Marine Data Literacy 2.0

Providing instruction for managing, converting, analyzing and displaying oceanographic station data, marine meteorological data, GIS-compatible marine and coastal data or model simulations, and mapped remote sensing imagery

 

 

 

 

Home > Gridded Data > 5.17 IDV Histogram

5.17 Creating a Histogram in Excel for IDV Grids

  • Exercise Title:  Creating a Frequency Distribution Graph (Histogram) in Excel for Integrated Data Viewer (IDV) Grids

  • Abstract:  Until IDV gets its own histogram tool, this method works very quickly and easily, and can be run alongside IDV with no trouble.

  • Preliminary Reading (in OceanTeacher, unless otherwise indicated):

    • N/A

  • Required Software:

    • Excel - Must have the DATA ANALYSIS add-in installed.  Just run Excel and go to FILE > OPTIONS > ADD-INS.

  • Other Resources: 

  • Author:  Murray Brown

  • Version:  9-8-2014 (re-revised after much coffee)

1.  This is the Excel spreadsheet you can export from IDV for any raster product.  Note that it is essentially an extended XYZ table, with separate columns for each time step.

2.  We can't work with the #NUM! values, so use Excel's FIND AND REPLACE function to replace every occurrence with nothing, i.e. delete them all.
3.  This message indicates successful deletion.  The table is ready for use.
4.  This is the spreadsheet with the no-data values removed. We want to make a frequency distribution (i.e. a histogram) for any of the data columns.  We don't have time to study them to find out the value ranges, so we need a quick trick to see them automatically.
5.  Find the DATA ANALYSIS control.  If you can't find it, them you must install the ADD IN.
6.  Select the HISTOGRAM tool, and click OK.
7.  For this example, let's make a histogram for the E column of data values.  Select the INPUT RANGE control (the tiny spreadsheet icon to its right), and then select the E column.  Excel will automatically show $E:$E to indicate this column.

Then check these:

  • LABELS
  • CHART OUTPUT

Then don't do anything else, but click OK.

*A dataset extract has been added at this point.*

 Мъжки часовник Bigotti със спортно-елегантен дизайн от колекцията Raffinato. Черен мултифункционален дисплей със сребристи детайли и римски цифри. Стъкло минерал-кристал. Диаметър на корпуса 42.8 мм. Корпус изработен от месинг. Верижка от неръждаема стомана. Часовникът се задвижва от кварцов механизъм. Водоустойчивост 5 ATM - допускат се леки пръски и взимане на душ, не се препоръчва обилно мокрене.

8.  Here you see a "quick and dirty" histogram for the whole dataset, made automatically by Excel.  You can easily see that the value range should be 33-36 (or similar).
9.  Now, in the real world, you'll need some value ranges, arranged into evenly spaced "bins" for your data.  Each type of data, e.g. salinity, temperature, will have at least one favorite value range, based on the area where you work, the seasons, etc.  We provide you a generic salinity value range set in he next panel, where you can copy and use the values you need to make a really good histogram in Excel.

The author has performed some experiments with Excel, and discovered how the bin values work with the HISTOGRAM data tool.  You'll need to do work on your own later to derive your own bin value scales.

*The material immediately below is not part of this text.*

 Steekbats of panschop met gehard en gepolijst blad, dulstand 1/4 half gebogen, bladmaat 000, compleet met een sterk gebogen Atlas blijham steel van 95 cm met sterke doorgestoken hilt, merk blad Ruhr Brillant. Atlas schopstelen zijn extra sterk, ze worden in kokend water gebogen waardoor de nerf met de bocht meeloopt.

10.  How distribution bin values (in bold) work with the data value ("x") distributions in Excel:
  • 0:  x = 0
  • 1:  0 < x <= 1, centered on 0.5
  • 2:  1 < x <= 2, centered on 1.5
  • 3:  2 < x <= 3, centered on 2.5
  • etc.

So this means that the bin value is the maximum value of the data in that bin.  The minimum value of data in that bin depends on the next lower bin value.

11.  There is a very easy way to create a good set of bin values in Excel, which we'll use below.  But you must take responsibility for the selection of the values and for defending your selections scientifically.
12.  Decide on the bin values you want to use for your final histogram, based on the "quick and dirty" histogram.  For example, in the above example, we might chose these values:
  • 32
  • 32.5
  • 33
  • 33.5
  • 34
  • 34.5
  • 35
  • 35.5
  • 36
  • 36.5
  • 37
13. Make a new column anywhere in your data spreadsheet and type the first few bin values into it (starting with the lowest).

 

14.  Now Excel can finish the list for you.  Grab the tiny handle at the bottom right corner of the selected area and slowly drag it down.  Check the values that Excel automatically adds, until you reach the limit you chose (in this case, 37).
15.  Now that you have a set of bin values, you can run the histogram tool again.  But this time you should specify the column for the BIN RANGE.  Excel "knows" exactly what you're doing, and is quite flexible in how you make this designation.

Click OK to make the analysis, and be prepared to wait a few minutes for all the calculations to finish.

 

16.  This results in a nice clean histogram with easily understood abscissa values.

NOTE:  The graphic is extremely easy to edit, as you see here.

17.  Look at the bottom of the Excel spreadsheet to see the tab structure.  SHEET0 is the original dataset, with the bin value column added.  The other SHEETS are different experiments you have performed, so you can go back and see everything again.

As usual, you can save the whole set of spreadsheets as a workbook in Excel.

18.  You can set up the workbook however you like for quickly adding data and making the histograms.  And you'll probably want to make a "canonical" set of bin values for use with commonly displayed parameters.